The conjoining of dynamical systems and deep learning has become a topic of great interest. In particular, neural differential equations (NDEs) demonstrate that neural networks and differential equation are two sides of the same coin. Traditional parameterised differential equations are a special case. Many popular neural network architectures, such as residual networks and recurrent networks, are discretisations. NDEs are suitable for tackling generative problems, dynamical systems, and time series (particularly in physics, finance, ...) and are thus of interest to both modern machine learning and traditional mathematical modelling. NDEs offer high-capacity function approximation, strong priors on model space, the ability to handle irregular data, memory efficiency, and a wealth of available theory on both sides. This doctoral thesis provides an in-depth survey of the field. Topics include: neural ordinary differential equations (e.g. for hybrid neural/mechanistic modelling of physical systems); neural controlled differential equations (e.g. for learning functions of irregular time series); and neural stochastic differential equations (e.g. to produce generative models capable of representing complex stochastic dynamics, or sampling from complex high-dimensional distributions).
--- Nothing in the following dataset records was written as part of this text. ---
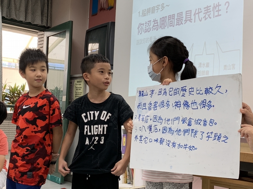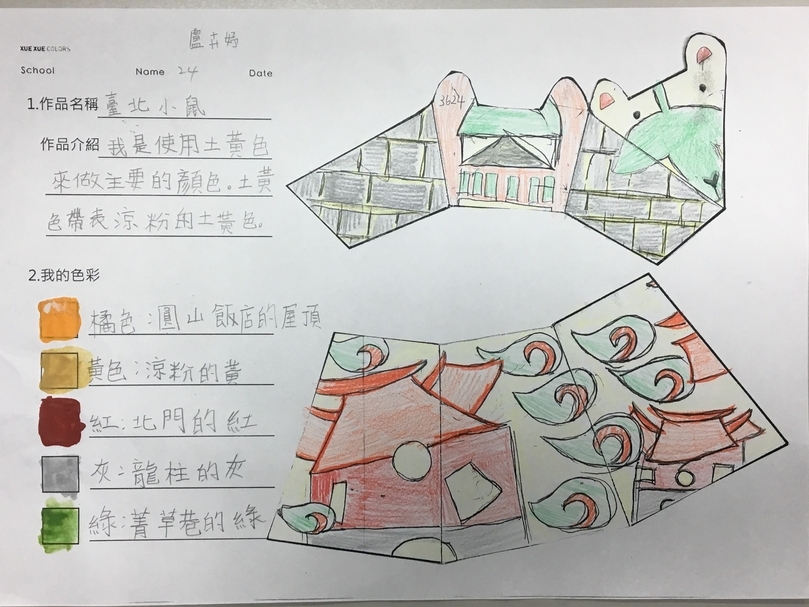 臺北市永安國小的同學從龍山寺回來後,發現要從那麼多採集回來的資料,只選出五個顏色,是一件非常不容易的過程,必須不斷的回想、說明、討論和對話,但也因此學到更多面對和解決問題的能力。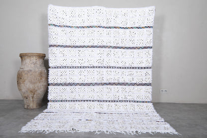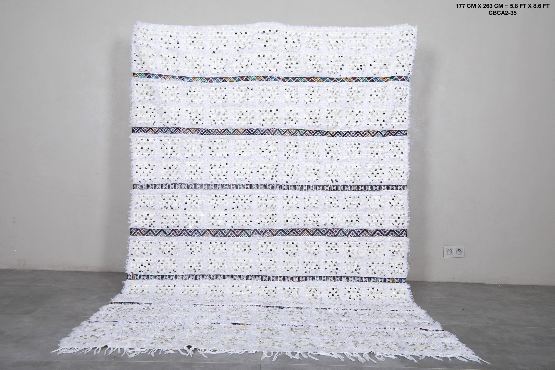 This 5.8 x 8.6 feet handmade Moroccan wedding blanket rug exudes bohemian charm with its intricate tribal patterns and shimmering sequins. Crafted from soft, premium-quality wool, this unique piece adds a radiant white elegance to any space, making it perfect for living rooms, bedrooms, or boho-chic décors.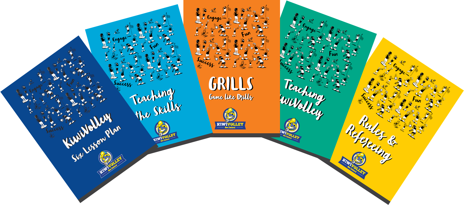 We have designed a range of KiwiVolley resources, including easy-to-follow booklets and videos to help you get children ENGAGED, encourage SUCCESS and have FUN!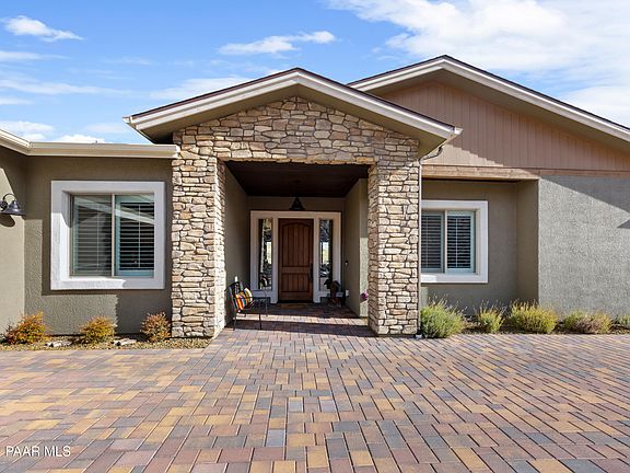 Pictures do not do this house justice. It's a ''must see'' in person. Stunning luxury home with fantastic views, built by Aspen Valley Homes. 3 Bedrooms, 2 1/2 baths plus an office. Luxury vinyl plank flooring, The chef-inspired kitchen features sophisticated antique black cabinetry with crown molding, complemented by a premium Cafe SS appliance package. This includes a 6-burner gas range with convection oven, a Zephyr canopy hood, a Sharp microwave drawer, and a large, convenient pantry. The expansive island is ideal for both entertaining and casual dining, and it flows seamlessly into an adjacent dining area. Kitchen cabinets offer pullout shelves. Take note of teh built in cabinets in the living room as well as the garage upgrades with cabinets and floor coating.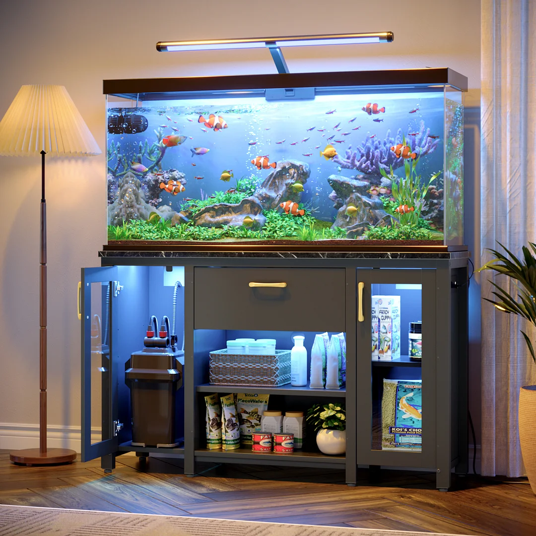 Modern Stylish Design: With the black marble tabletop and gold handle design, this aquarium stand with cabinet seamlessly complements various home decor styles. It adds a touch of sophistication to your living space.
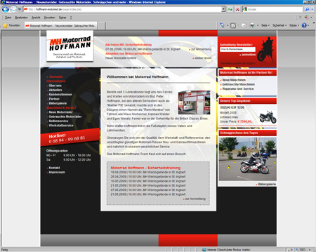 Unternehmen » Über uns » Aktuelles » Kundenstimmen » Partner » Bildergalerie Auto & Motorrad » Neue Motorräder » Gebrauchte Motorräder » Reifenservice » Werkstattservice Neue Webseite OnlineAm Freitag den 12. Juni 2009 ist die neue Webseite von Motorrad Hoffmann online gegangen. Wir wünschen Ihnen viel Spaß und viel Freude beim stöbern auf der neuen Seite. Bei Fragen oder Anregungen bitten wir Sie uns zu kontaktieren. Ihr Motorrad Hoffmann-Team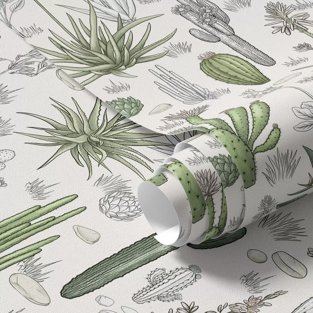 Carta da parati Cactus e piante grasse su sfondo chiaro, stile lineare Nr. a00666v1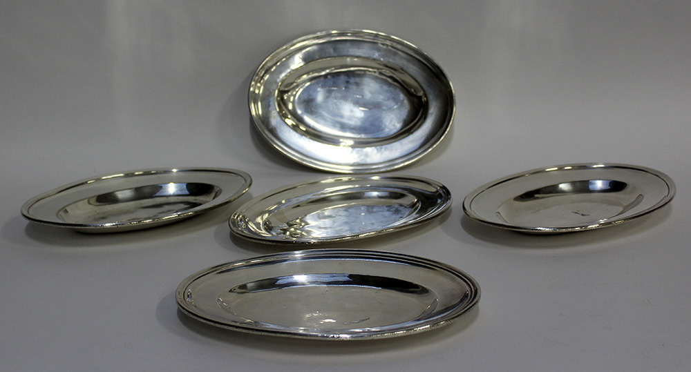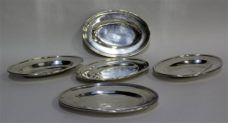 Cinque vassoietti di forma ovale in metallo lisci (cm 28)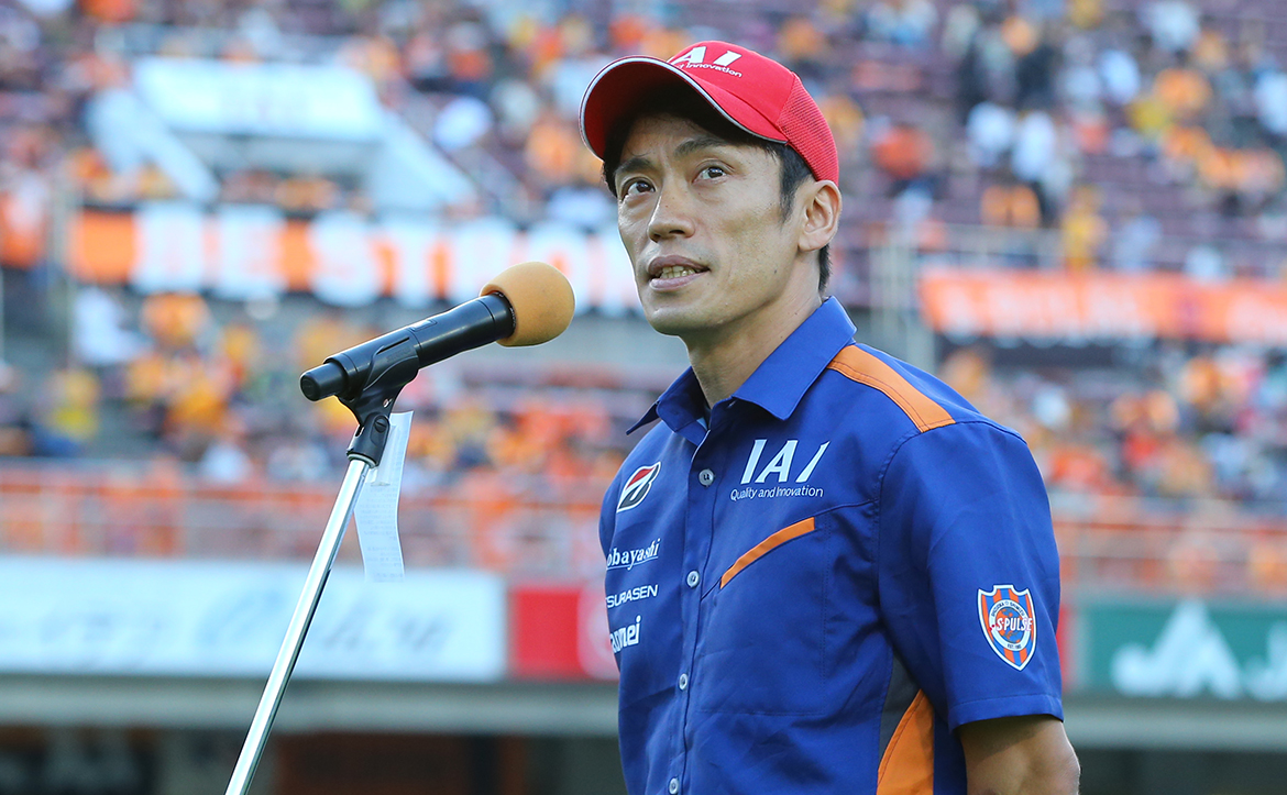 勝利チーム賞を受け取る河井陽介ゲームキャプテン ©︎︎︎S-PULSE

Further topics include: numerical methods for NDEs (e.g. reversible differential equations solvers, backpropagation through differential equations, Brownian reconstruction); symbolic regression for dynamical systems (e.g. via regularised evolution); and deep implicit models (e.g. deep equilibrium models, differentiable optimisation). We anticipate this thesis will be of interest to anyone interested in the marriage of deep learning with dynamical systems, and hope it will provide a useful reference for the current state of the art.